The S&P 500 is arguably the most well-known collection of stocks and followed index in the world. It represents many of the corporate giants in the global economy (based in the U.S.) and the most highly valued companies in the world.

Canadian investors are well positioned to take advantage of these S&P 500 stocks. The stocks can be bought through most online trading apps or conventional brokerages in Canada and can be held in registered accounts like the Tax-Free Savings Account (TFSA) or Registered Retirement Savings Plan (RRSP).

While most investors may have preferences regarding U.S. stocks or stocks in general, many S&P companies may be a good fit in virtually all Canadian portfolios.  

A multinational conglomerate

Berkshire Hathaway (NYSE:BRK.B) is a massive holding company that owns dozens of companies around the globe. It’s one of the few companies that owe most of its recognition to their leader — in this case, Warren Buffett. Berkshire’s portfolio of companies represents many of his investment tendencies and preferences.

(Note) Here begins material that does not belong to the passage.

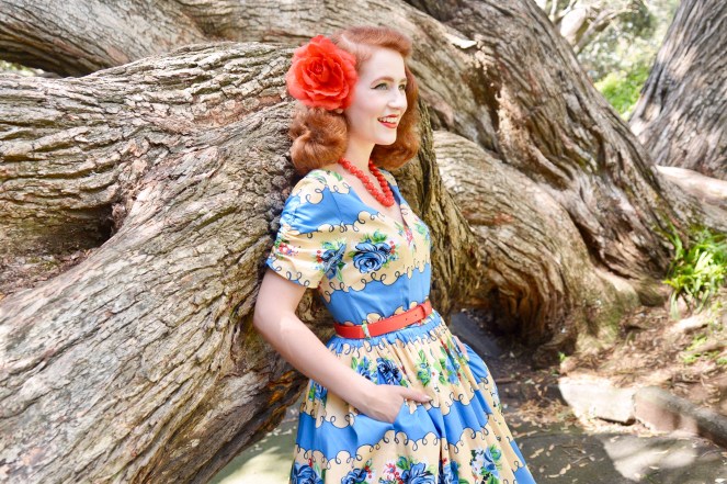 The Francine dress immediately caught my attention, mainly because of the fabric as I find the combination of the floral and stripe effect to be very reminiscent of true vintage dresses. This is seriously one of the most beautiful prints I’ve seen on a vintage reproduction dress; the blue roses are so delightful, and they’re interspersed with smaller red and white flowers on a buttery cream and azure blue background. And being almost 100% cotton you know that it’ll be a great choice for summer!

It’s one of the safest S&P stocks you can own. It’s fairly valued, it has a massive cash and investment pile for its future acquisitions, and the beta is 0.87. But safety is not the only reason to hold this stock. It has managed to outperform the S&P 500 stock quite consistently and returned over 220% to its investors in the last decade.

The largest tech company in the world

Apple (NASDAQ:AAPL) is arguably the star of the S&P and the largest tech company in the world by market capitalization and revenue. At US$2.78 trillion, its market capitalization is larger than Canada’s gross domestic product. It is one of the most successful tech companies in the world in terms of brand recognition as well, some of which can be traced back to the founder, Steve Jobs.

There are several reasons to consider Apple as an investment, including the trust institutional investors and conservative investors like Warren Buffett have in the company. Apple represents over 46% of Berkshire Hathaway’s portfolio.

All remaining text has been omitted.